Work order
Every line of the data below should be retyped exactly, with no images carried over.

Dataset content
◆ ◆ ◆ ◆

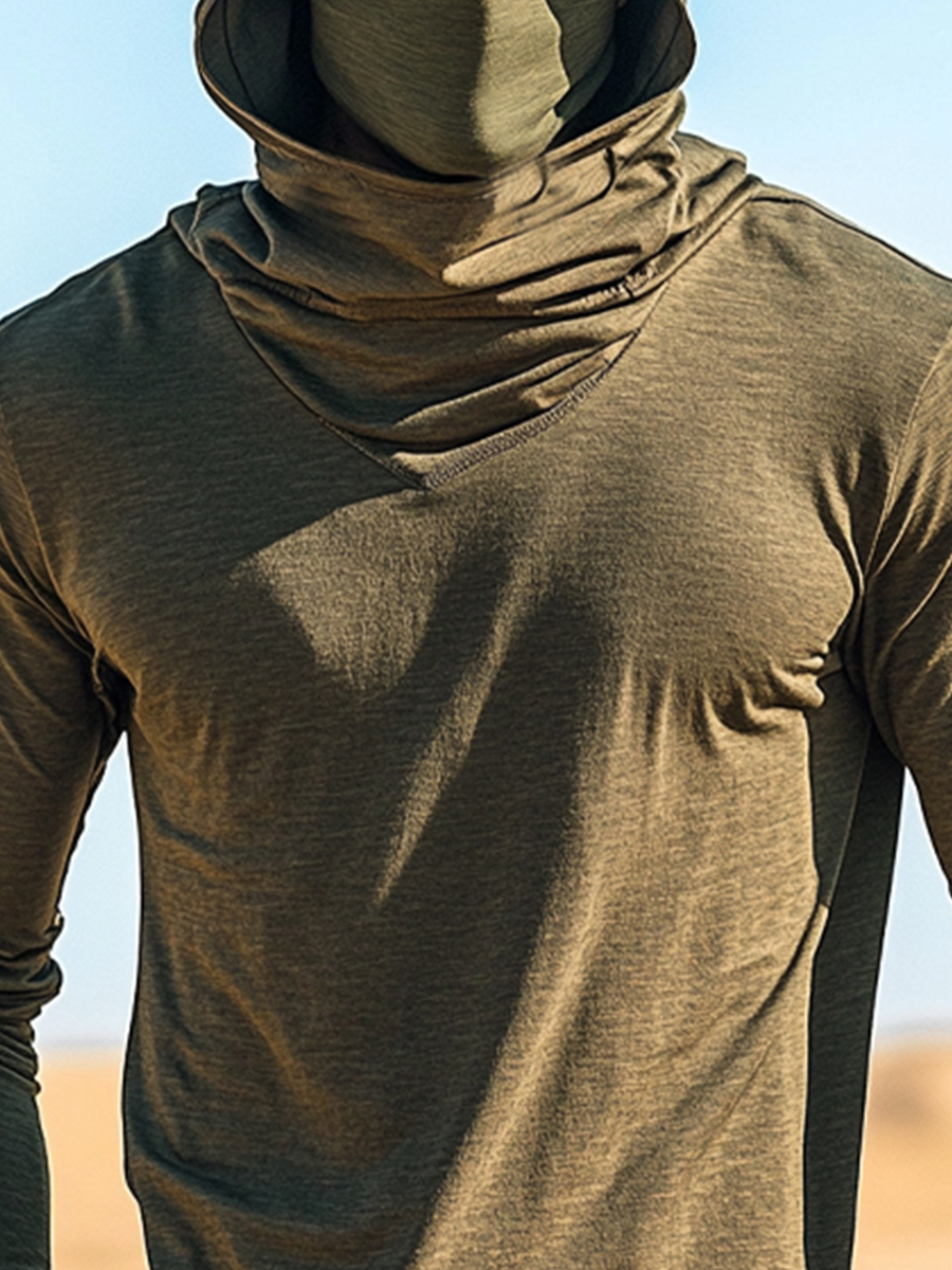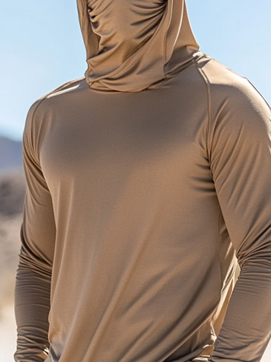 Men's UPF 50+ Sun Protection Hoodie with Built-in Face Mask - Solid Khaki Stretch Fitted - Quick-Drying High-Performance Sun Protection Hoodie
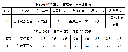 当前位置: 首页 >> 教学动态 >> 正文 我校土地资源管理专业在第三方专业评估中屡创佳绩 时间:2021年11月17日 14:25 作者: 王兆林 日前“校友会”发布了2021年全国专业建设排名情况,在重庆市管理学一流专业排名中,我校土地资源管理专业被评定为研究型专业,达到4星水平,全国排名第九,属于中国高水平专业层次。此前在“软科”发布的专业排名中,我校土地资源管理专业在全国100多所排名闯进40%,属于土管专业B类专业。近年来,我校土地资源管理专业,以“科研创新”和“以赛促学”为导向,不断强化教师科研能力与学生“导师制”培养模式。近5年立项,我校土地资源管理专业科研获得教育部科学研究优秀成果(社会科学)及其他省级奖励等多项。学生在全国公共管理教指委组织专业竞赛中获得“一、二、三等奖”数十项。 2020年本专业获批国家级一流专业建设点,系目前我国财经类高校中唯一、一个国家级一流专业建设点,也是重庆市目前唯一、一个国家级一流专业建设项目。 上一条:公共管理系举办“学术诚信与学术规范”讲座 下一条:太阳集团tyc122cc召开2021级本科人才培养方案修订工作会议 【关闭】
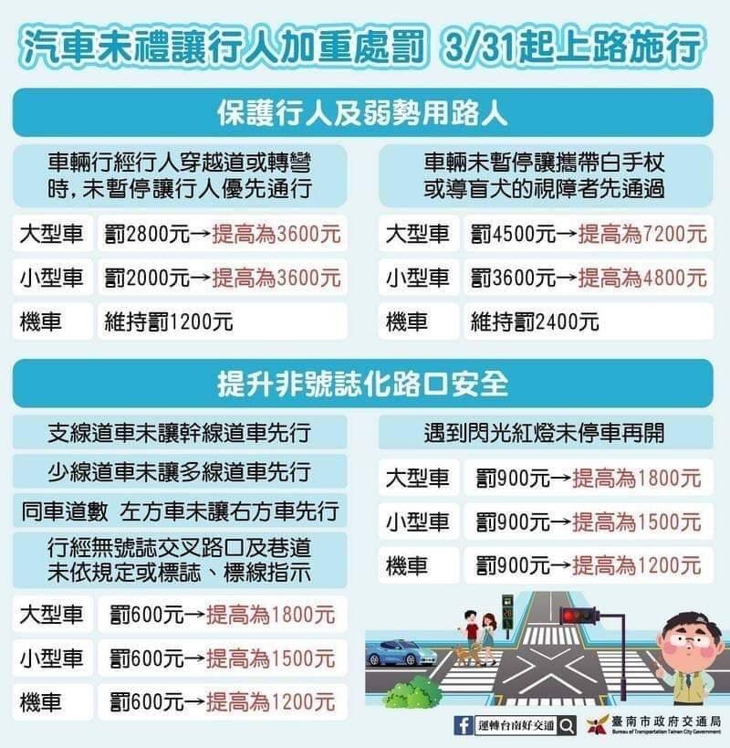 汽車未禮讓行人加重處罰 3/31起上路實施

◆ ◆ ◆ ◆

Result of the task
 Men's UPF 50+ Sun Protection Hoodie with Built-in Face Mask - Solid Khaki Stretch Fitted - Quick-Drying High-Performance Sun Protection Hoodie
 当前位置: 首页 >> 教学动态 >> 正文 我校土地资源管理专业在第三方专业评估中屡创佳绩 时间:2021年11月17日 14:25 作者: 王兆林 日前“校友会”发布了2021年全国专业建设排名情况,在重庆市管理学一流专业排名中,我校土地资源管理专业被评定为研究型专业,达到4星水平,全国排名第九,属于中国高水平专业层次。此前在“软科”发布的专业排名中,我校土地资源管理专业在全国100多所排名闯进40%,属于土管专业B类专业。近年来,我校土地资源管理专业,以“科研创新”和“以赛促学”为导向,不断强化教师科研能力与学生“导师制”培养模式。近5年立项,我校土地资源管理专业科研获得教育部科学研究优秀成果(社会科学)及其他省级奖励等多项。学生在全国公共管理教指委组织专业竞赛中获得“一、二、三等奖”数十项。 2020年本专业获批国家级一流专业建设点,系目前我国财经类高校中唯一、一个国家级一流专业建设点,也是重庆市目前唯一、一个国家级一流专业建设项目。 上一条:公共管理系举办“学术诚信与学术规范”讲座 下一条:太阳集团tyc122cc召开2021级本科人才培养方案修订工作会议 【关闭】
 汽車未禮讓行人加重處罰 3/31起上路實施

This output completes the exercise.